- Choreographer: Jerome Robbins
- Music: Pyotr Ilyich Tchaikovsky
- Premiere: June 11, 1981 New York State Theater
- Original ballet company: New York City Ballet
- Design: Ben Benson Ronald Bates

= Piano Pieces =

Ballet choreographed by Jerome Robbins

Piano Pieces is a ballet choreographed by Jerome Robbins to music by Pyotr Ilyich Tchaikovsky. The ballet was made for New York City Ballet's Tchaikovsky Festival, and premiered on June 11, 1981, at the New York State Theater.

==Choreography==
Piano Pieces is danced by seven principal dancers and a corps de ballet of six couples, all dressed in Russian style costumes. The ballet starts with pieces for the ensemble, followed by solos and pas de deux performed by the principal dancers. The full cast returns for the finale, with a male dancer leading the dancers.

Author Amanda Vaill described it as "a dance about the joy of dancing." Deborah Jowitt described that "it's the patterns and choreographic ideas that create a sense of a village, not just the device of people watching others dance." Critic Jennifer Dunning wrote that it "contains some of Robbins's favorite themes, among them playful Russian folk-dance moves, goofy sequences of jumps and a hint or two of competition."

==Production==
Piano Pieces was created for the New York City Ballet's Tchaikovsky Festival. The festival was conceived by George Balanchine. Robbins, however, was not interested in choreographing to Tchaikovsky's works. He nevertheless choreographed three ballets for the festival. He later recalled, "Two months before the Tchaikovsky festival, I thought, I don't like Tchaikovsky... Why should I do Tchaikovsky? Because Mr. Balanchine wants me to do Tchaikovsky? But you don't necessarily have to enjoy doing something for it to be good."

Piano Pieces uses various piano pieces, including excerpts from The Seasons. Robbins originally planned the ballet to be about a group of dancers rehearsing a fictitious ballet. However, once rehearsals began, he abandoned this idea, and changed the theme to be about the joy of dancing." While the dancers had many rehearsals, he enjoyed the experience more than he expected. Stacy Caddell, who had a small role in the ballet, recalled, "When we did Piano Pieces, it was hard, because Jerry would come in with Version A, B, C, D, E, F, G, up to J—like cut-and-paste." Piano Pieces is also the first ballet Robbins made on Maria Calegari.

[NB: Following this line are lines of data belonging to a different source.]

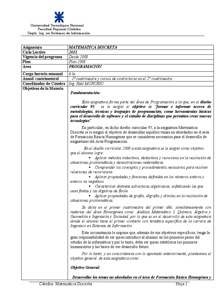 6 hs. Carga horaria semanal 1 cuatrimestre y cursos de contra turno en el 2 cuatrimestre Anual/ cuatrimestral Coordinador de Ctedra Ing. Ral MORCHIO Objetivos de la Materia Fundamentacin: Esta asignatura forma parte del rea de Programacin a la que, en el diseo curricular 95, se le asign el objetivo de "formar e informar acerca de metodologas, tcnicas y lenguajes de programacin, como herramientas bsicas para el desarrollo de software y el estudio de disciplinas que permitan crear nuevas tecnologas". En particular, en dicho diseo curricular 95, a la asignatura Matemtica Discreta se le asign el objetivo de desarrollar aquellos temas no abordados en el rea de Formacin Bsica Homognea que se consideren necesarios para el desarrollo de asignaturas del rea Programacin. En el diseo curricular 2008 a esta asignatura se le asign como objetivo, que el alumno logre: Aplicar mtodos inductivos, deductivos y recursivos en la resolucin de situaciones problemticas y demostraciones matemticas. Comprender los conceptos y procedimientos necesarios para resolver relaciones de recurrencia. Aplicar propiedades y funciones definidas en los nmeros enteros y enteros no negativos Caracterizar distintas estructuras algebraicas, enfatizando las que sean finitas y las lgebras de Boole. Aplicar propiedades de grafos, dgrafos y rboles en la resolucin de situaciones problemticas. Se dicta en el primer cuatrimestre del primer ao, simultneamente con materias del rea Homognea como: Anlisis Matemtico I, Qumica, lgebra y Geometra e Ingeniera y Sociedad, por lo que es en el desarrollo de esta asignatura donde el alumno tiene el primer contacto con temtica especfica de la carrera de Ingeniero en Sistemas de Informacin. Esta circunstancia le impone que, adems de sus objetivos especficos, tenga la gran responsabilidad de ser quien introduce al alumno en los primeros pasos del estudio de la informtica y por lo tanto, deba ser quien establezca los primeros lineamientos y las bases de ese desarrollo futuro. Por lo tanto, y en concordancia con lo apuntado anteriormente, planteamos el objetivo general de esta asignatura como: Objetivo General: Desarrollar los temas no abordados en el rea de Formacin Bsica Homognea y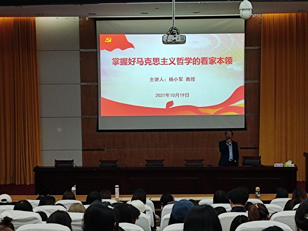 本次党课以“掌握好马克思主义哲学的看家本领”为主题,杨教授从马克思主义哲学为什么是看家本领,看家本领所谓的目标、内涵、奥妙所在,以及新时代的老员工如何提高这种本领等三个方面进行了详细阐述。他指出,马克思主义哲学之所以是看家本领,是因为它的真理性、科学性,它解释了人类社会发展的普遍规律,是人类思维发展的阶梯。同时,他强调当代老员工提高哲学思维的重要性,提倡老员工要多读书,特别是要多读能提高辩证性思维、理性思维、人本思维、战略思维的书,希望每位学子都能掌握好马克思主义哲学的看家本领。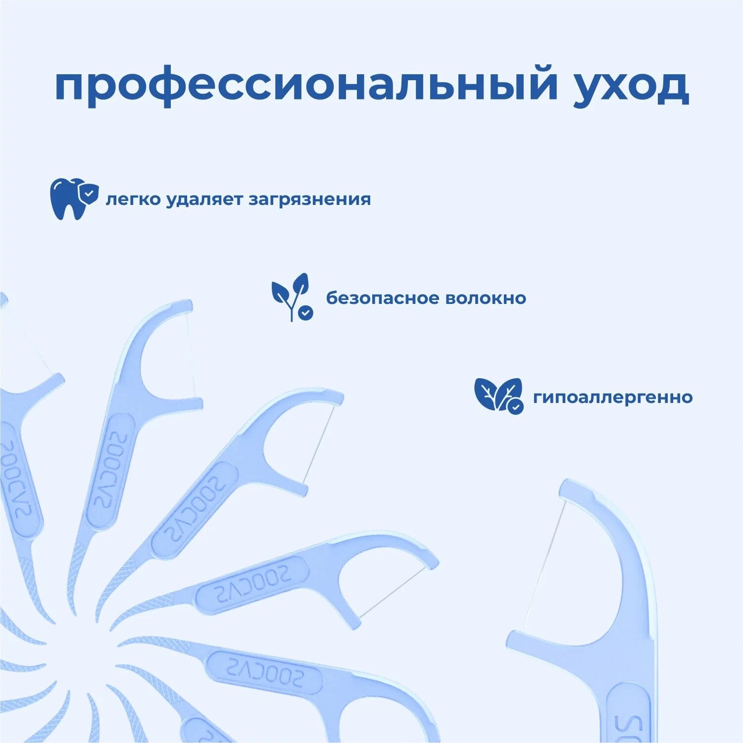 Зубная нить (зубочистки) Soocas Floss Pick (50 штук) Light Blue информация: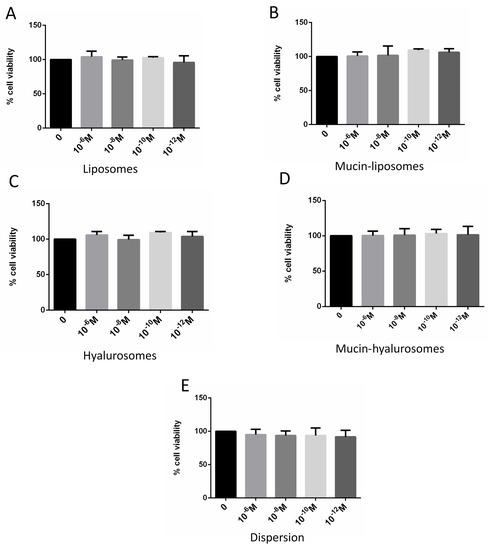 The mean diameter of the vesicles was measured by dynamic laser light scattering (Table 2). Liposomes and mucin-liposomes were the smallest vesicles (~105 nm, p > 0.05 between the values of the two samples), while the polydispersity index was always lower than 0.22, demonstrating a good homogeneity of the system. Hyalurosomes and mucin-hyalurosomes were slightly larger than the corresponding liposomes (~129 nm, p > 0.05 between the values of the two samples). All the prepared vesicles were negatively charged (~−11 mV) and this parameter was not affected by the presence of polymers.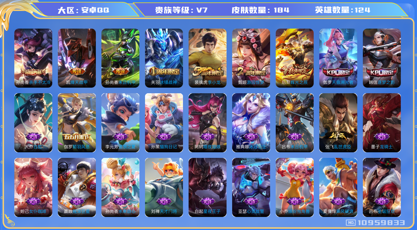 [10959833]【商品标题】:安卓Q-V7-最强王者段位-124英雄-184皮肤-1典藏-0珍品无双-0无双-0珍品传说-2传说-40史诗

The costumes were designed by Ben Benson. The lighting was designed by Ronald Bates.

==Music==

- Danse Caracteristique, op. 72, no. 4
- Le Paysan Prelude, op. 39, no. 12
- Chanson Populaire, op. 39, no. 13
- Polka, op. 39, no. 14
- Le Petit Cavalier, op. 39, no. 3
- Reverie, op. 9, no. 1
- La Sorciere, op. 39, no. 20
- November - Troika, op. 37, no. 11
- Natha Waltz, op. 51, no. 4
- Mazurka, op. 39, no. 10
- October - Chant d'Automne, op. 37, no. 10
- Polka de Salon, op. 9, no. 2
- June - Barcarolle, op. 37, no. 6
- Scherzo à la russe, op. 1, no. 1

Source:

==Original cast==
The principal dancers in the original cast included:
- Maria Calegari
- Kyra Nichols
- Heather Watts
- Ib Andersen
- Bart Cook
- Daniel Duell
- Joseph Duell

==Performances==
Piano Pieces premiered on June 12, 1981, at the New York State Theater. The piano was played by Jerry Zimmerman. Later at the festival, when some works had to be cancelled due to injuries, Piano Pieces was performed again.

==Critical reception==
After the premiere, New York Times critic compared Piano Pieces to Dances at a Gathering, which is set to works by Frédéric Chopin, and commented, "The differences between the two ballets are perhaps not as great as the difference between Chopin and Tchaikovsky. But choreographically, Mr. Robbins's interest in partnering reaches a new peak. Piano Pieces is a brilliant step forward in the art of the pas de deux."